Circular Economy: Time to unleash the power of consumers

So far, actions to boost the development of a circular economy in Europe have centred on production, getting industries to introduce circular business models and bring circular options to the market.

Now conditions are ripe for getting consumers involved, and empowering them to make sustainable purchasing choices in their daily lives, says an EESC report adopted in July.

In the report, entitled Consumers in the circular economy, the European Economic and Social Committee calls for a strategic shift to place consumers at the centre of public policy on the circular economy at all levels of government in Europe.

In the first stage of the circular economy, consumers have been confined to the role of urban agents recycling domestic waste, while the focus has been on business. European Commission initiatives, the EESC points out, have targeted regulation and production, boosting recycling levels and introducing the concept of eco-design.

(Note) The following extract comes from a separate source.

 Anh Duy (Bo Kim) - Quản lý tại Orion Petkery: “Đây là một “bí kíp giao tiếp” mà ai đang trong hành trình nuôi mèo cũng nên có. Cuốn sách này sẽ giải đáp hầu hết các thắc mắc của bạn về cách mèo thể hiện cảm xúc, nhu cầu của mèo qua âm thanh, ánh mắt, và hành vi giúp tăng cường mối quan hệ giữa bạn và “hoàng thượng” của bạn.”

Now we are beginning to see major changes from large industries. With major groups such as H&M embracing the circular model and Ikea starting to roll out a leasing model for kitchens in over 30 countries, business can be said to have come on board.

“Now it is time for the Circular Economy 2.0 to tackle the consumer end”, says EESC rapporteur Carlos Trias Pintó, urging the European Commission to spearhead the shift in its forthcoming initiatives.

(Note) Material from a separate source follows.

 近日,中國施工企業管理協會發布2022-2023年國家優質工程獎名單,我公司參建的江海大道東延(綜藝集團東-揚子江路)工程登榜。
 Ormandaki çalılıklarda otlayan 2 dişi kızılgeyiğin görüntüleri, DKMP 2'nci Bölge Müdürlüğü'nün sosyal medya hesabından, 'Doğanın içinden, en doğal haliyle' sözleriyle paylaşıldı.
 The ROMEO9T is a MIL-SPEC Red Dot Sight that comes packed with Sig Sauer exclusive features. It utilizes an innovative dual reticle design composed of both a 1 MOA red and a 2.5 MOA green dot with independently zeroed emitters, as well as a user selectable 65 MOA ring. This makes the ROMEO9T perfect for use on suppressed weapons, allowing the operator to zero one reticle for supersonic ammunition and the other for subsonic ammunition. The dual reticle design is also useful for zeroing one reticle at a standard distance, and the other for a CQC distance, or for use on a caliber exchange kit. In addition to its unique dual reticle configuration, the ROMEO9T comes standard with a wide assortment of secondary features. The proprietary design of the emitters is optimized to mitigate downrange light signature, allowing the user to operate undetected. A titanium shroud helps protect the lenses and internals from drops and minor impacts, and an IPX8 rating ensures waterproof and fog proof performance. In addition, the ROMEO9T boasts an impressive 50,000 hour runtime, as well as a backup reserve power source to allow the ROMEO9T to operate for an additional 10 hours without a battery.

This second phase, he stresses, will hinge on consumer information. Studies show that, while consumers are keenly aware of the social and environmental challenges, the price of a product or service frequently carries more weight in their decision than the intrinsic quality of their purchases. Information and education, however, are key factors in steering them towards circular behaviour patterns. Education and lifelong learning must therefore be put in place and consumers provided with the most objective information possible.

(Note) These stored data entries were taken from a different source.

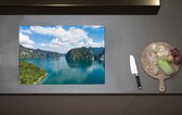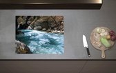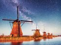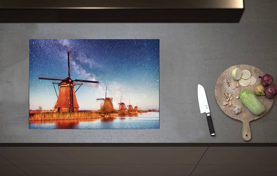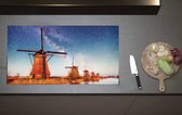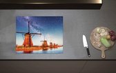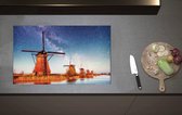 Inductieplaat Beschermer - Rij Windmolens aan het Water onder Sterrenhemel - 70x52 cm - 2 mm Dik - Inductie Beschermer van Vinyl
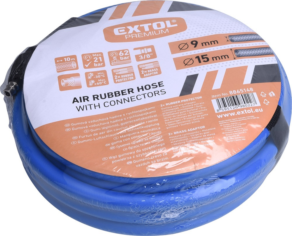 EXTOL PREMIUM légtömlő egyenes, 10m, kompresszorhoz, 3/8, átm.: 9 / 15 mm, max. 20 Bar, gyorscsatlakozókkal
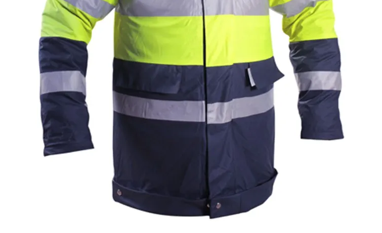 Parka desmuntable bicolor groga/blava feta de polièster Oxford/PU. En disposar d'un folre interior desmuntable encoixinat també de polièster (forrat polar), ens ofereix una versatilitat molt gran per a un ús encara més extens. Disposa de cremallera central de niló protegida per una tapeta de veta adherent, dues butxaques exteriors i una interior. La caputxa es troba amagada en el coll.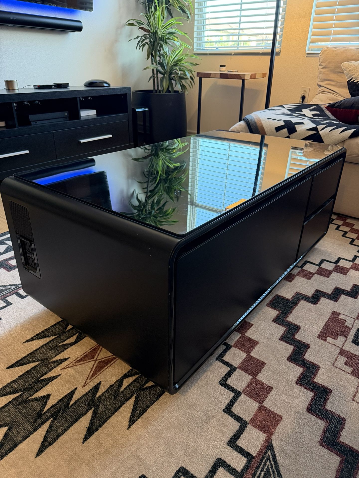 Letting go of my Sobro smart coffee table. It has been used in my living room and everything still works as it should — the cooler drawer keeps drinks cold, the Bluetooth speakers pair up instantly, LED lighting works, and all the charging ports are functional. There are a few minor scuffs and signs of normal use on the tempered glass top but nothing major. It’s heavy, so bring a friend to help load it. Local pickup only.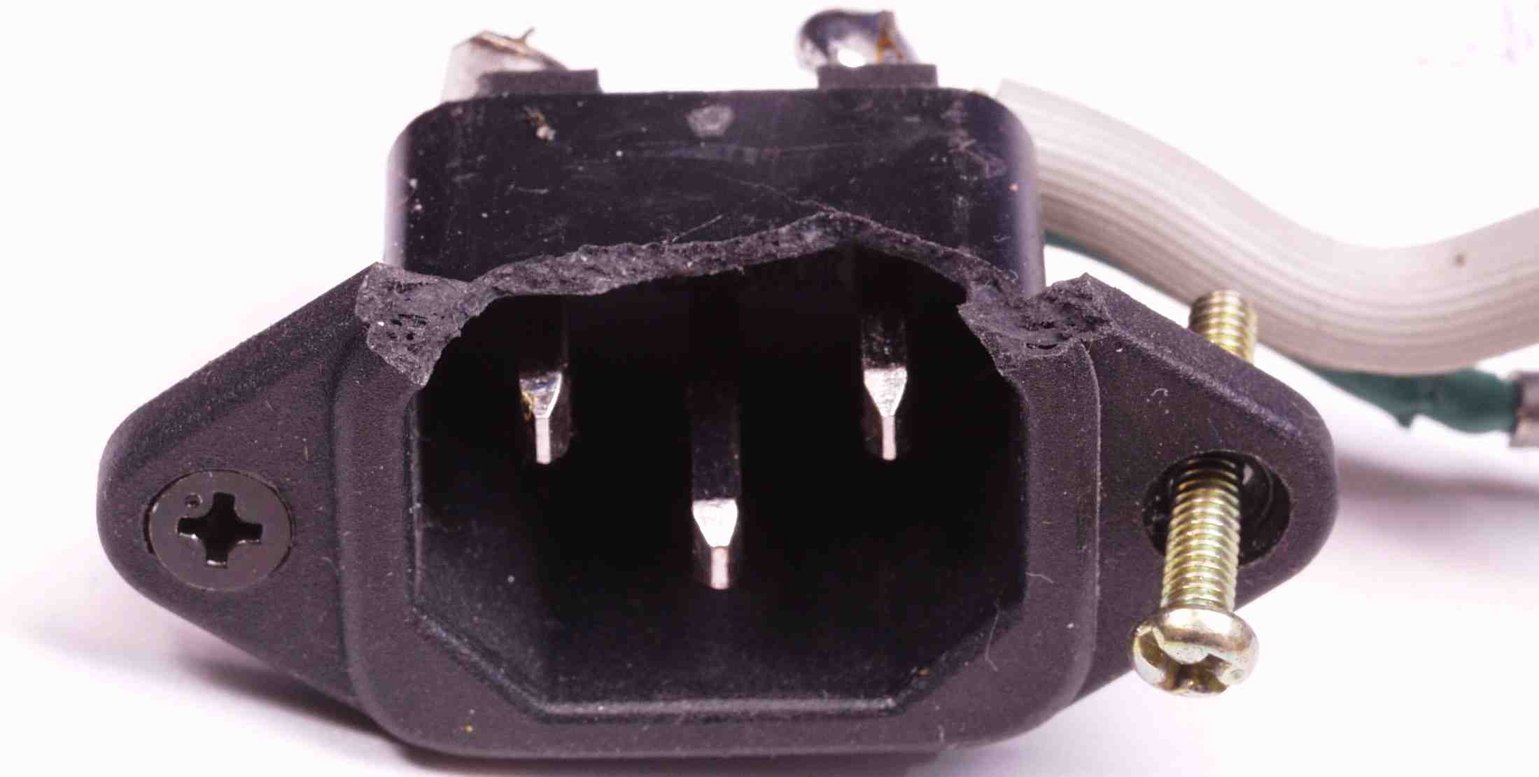 | CB1. 修理前 3Pインレット・プラグ、穴あけの加工技術がへた | ||||||||||||||||||||||||||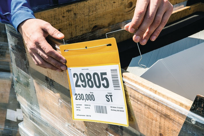 mit flexiblem Drahtbügel · strapazierfähige Tasche aus PP-Folie · scannertauglich und dokumentenecht · auch eignet für den Außeneinsatz durch Staub- und Regenschutzklappe · zur idealen Befestigung an Holzaufsatzrahmen und Palettenkartons · Vorderseite transparent · VE = 50 Stück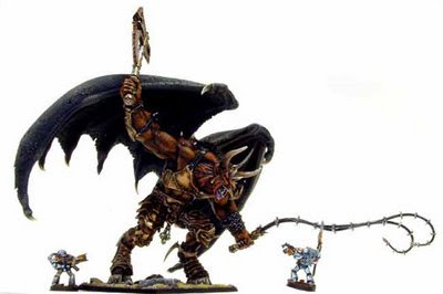 Through a recent trade I have come into possession of a Forge World Thirster. I spent a long time trying to figure out how to use it in 40k. The problem with all of the options is lack of true representation of the model. I just don't feel a demon prince stat wise represents the model. Neither does a Demon Codex Bloodthirster. For a while I considered just using it as the 888 point Anggrath but he is apocalypse only. I don't play a lot of apocalypse and that is the same reason I don't own any Titans or other superheavies, as cool as they are.So I decided to apply it towards a fantasy army. The rules in the Fantasy army book seem to represent this model better, at least when compared to the rest of the models he would face. Fantasy also tends to have a lot more "stat upgrade" options.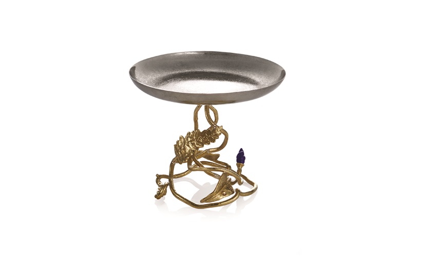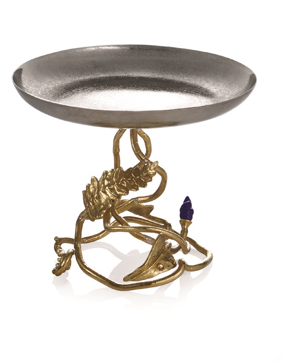 Enchanted Garden is a collection inspired by the magical quality of spring. Sculpts of intertwined brass vines and stems gracefully emerge from a fantasy garden adorned with snails and semi-precious stones and dew drops made of Austrian crystals. Add a touch of whimsical opulence with this serveware collection. MR-ENCG-ACS-004-001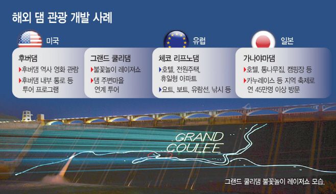 18일 아시아투데이 취재에 따르면 그랜드 쿨리댐에서는 컬럼비아강 댐 건설, 그리고 둑을 따라 살고 있는 인디언들의 이야기를 담고 있는 '하나의 강, 많은 목소리(One River, Many Voices)'라는 레이저쇼가 이뤄진다. 특히 댐 방문자센터를 따라 안내받을 수 있는 가이드 투어 등 레이저쇼와 함께 즐길 수 있는 콘텐츠들을 마련했다. 댐이라는 하드웨어적 관광자원에 지역의 역사성 등 콘텐츠 요소를 결합해 낸 사례로 손꼽힌다.
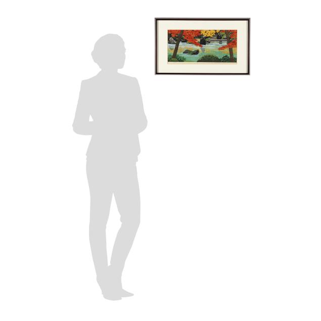 Known for his serene landscape prints of traditional Japanese subjects, Ido found his inspiration in Kyoto and the surrounding countryside. His tranquil images of private gardens, quiet streets, temple gates, and hillside views reflect his interest in nature and the changing seasons. A simplicity of form and a masterful layering of subtle color to achieve a sense of depth and richness distinguish his prints.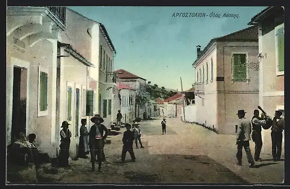 AK Argostoli, Strassenpartie in einer Wohnsiedlung mit spielenden Kindern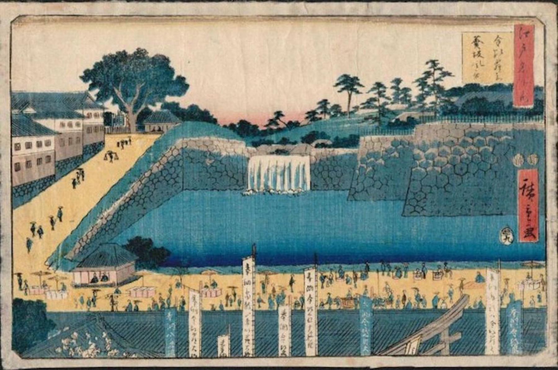 HIROSHIGE II CASTLE MOAT. OBAN, YOKO-E, 9 1/4 X 14, CIRCA 1860, GOOD CONDITION

The EESC makes the case for voluntary labelling as a step towards mandatory labelling, indicating the product’s social and environmental footprint – emission reduction, biodiversity conservation, resource efficiency or avoidance of components with a high environmental impact, estimated lifespan, possibility of obtaining spare parts and options for repair.

However, even though information and education can go a long way towards steering consumers towards green, repairable, long-lasting products, many people will not be able to afford them. As an incentive, the EESC suggests that the Member States could adopt a rewards-based approach and local administrations could use public procurement to support sustainable suppliers.